0

I have a dataframe with 2000 columns and 730 rows.

Each column is a time series for a variable.

Th distribution of some of the columns is unimmodal and some are bi-modal.

I would like to do a correlation analysis on the columns but before that i need to split the columns into two dataframes, one that contains all columns that have a uni-modal distribution and the other than contains all columns that have a bi-modal distribution.

Is anyone able to help me with this? I suspect i need to loop through the columns of the dataframe and check for normality or number of modes and do the partitioning this way - just i don't know where to start.

Thanks!

chrisSpaceman
  • 249
  • 3
  • 14
  • It seem like you've already suspected the right way to do it, all that's left is actually starting. – Rocky Li Nov 14 '19 at 21:28
  • according to the SO guidelines (check [mcve]) you need to provide an attempt, once you share your attempts, you can get some feedback – Yuca Nov 14 '19 at 21:29
  • Looping is not actually a great idea; it will work don't get me wrong, but would take some time to complete. You need a vectorized approach.

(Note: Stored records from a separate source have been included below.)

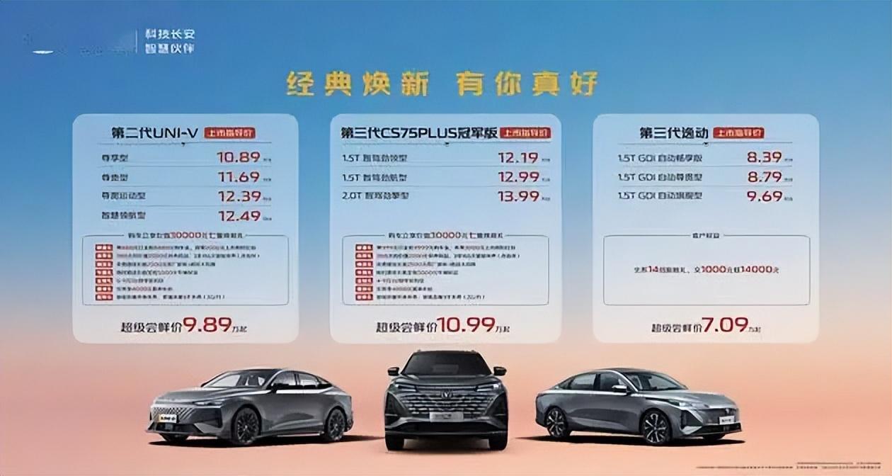 而后在3月20日長安汽車的春季煥新發(fā)布會上,第二代UNI-V、第三代逸動、第三代CS75PLUS冠軍版三車同時上市。其中,第三代CS75 PLUS冠軍版綜合優(yōu)惠下為10.99萬起,相比第三代CS75 PLUS起售價(12.49萬元)優(yōu)惠1.5萬元;第二代UNI-V頂配版比老款便宜7000元;第三代逸動上市即優(yōu)惠1.3萬,限時起售價為7.09萬。
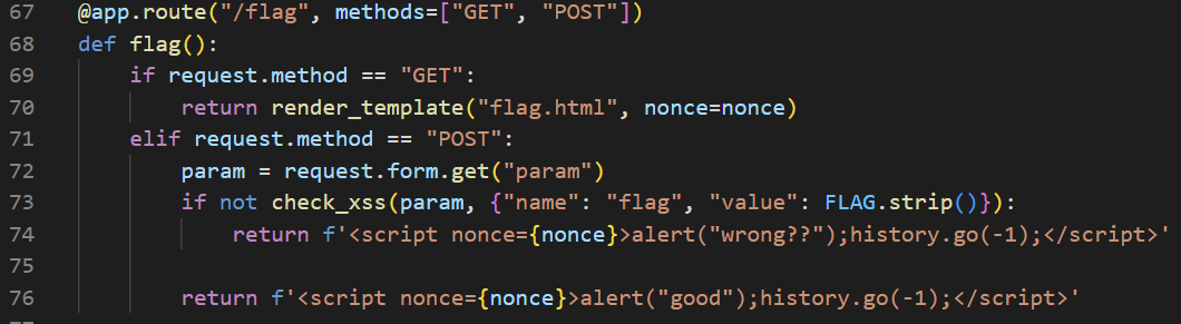 받은 param 값을 render_template("vuln.html", param=param, nonce=nonce)를 통해 vuln.html 템플릿에 전달하여 렌더링한다.
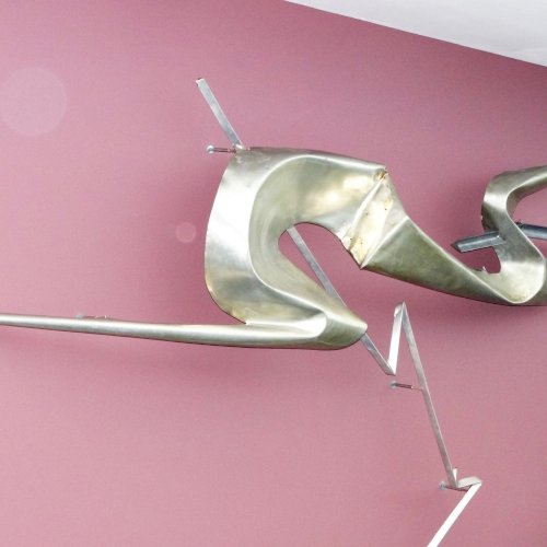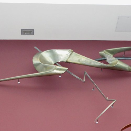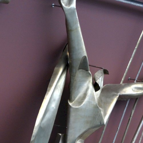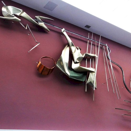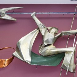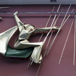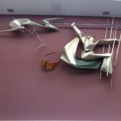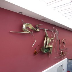 Az alkotás egy picit félreeső, de védett helyen van úgy, hogy itt mégis viszonylag sokan megfordulnak, így többen láthatják. Igaz, hogy környezete nagyot változott, a "feladat" más, de pl. érdekes háttérszínt kapott, ami valahogy modernizálja.
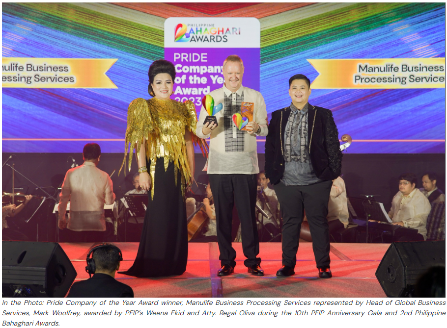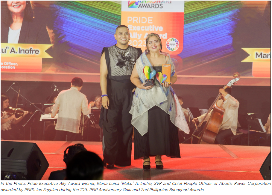 The Pride Executive Ally Award was deservingly presented to the Chief People Officer of Aboitiz Power Corporation, Maria Luisa "Malu" A. Inofre for championing LGBTQ+ inclusion through various initiatives. Also TP Pride, the LGBTQ+ network of Teleperformance, was distinguished with the Pride Network Award, celebrated for mainstreaming safety, respect, and inclusivity in the workplace. The coveted Pride Company of the Year Award was bestowed to Manulife Business Processing Services.
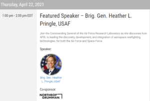 SPACE SYMPOSIUM 365 WEBINAR WITH BRIG. GEN. HEATHER PRINGLE, Apr 22, 2021, virtual, 1:00 pm ET
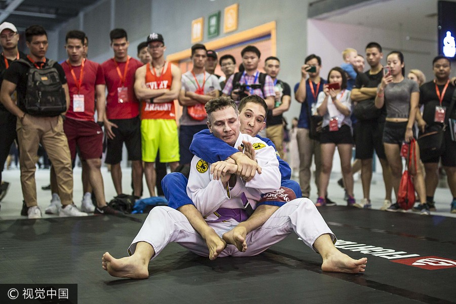 Julien Vandelli demonstrates how to practice Brazilian Jujitsu in Guangzhou, South China's Guangdong province, Aug 5, 2017. [Photo/VCG]

To show you how, you need to provide a sample of your data. [You can refer to this to provide a great pandas example](https://stackoverflow.com/questions/20109391/how-to-make-good-reproducible-pandas-examples) and [refer to this one on how to provide a minimal, complete, and verifiable example](https://stackoverflow.com/help/minimal-reproducible-example) and revise your question accordingly so people in the community can easily help you. – Joe Nov 15 '19 at 13:07

0 Answers0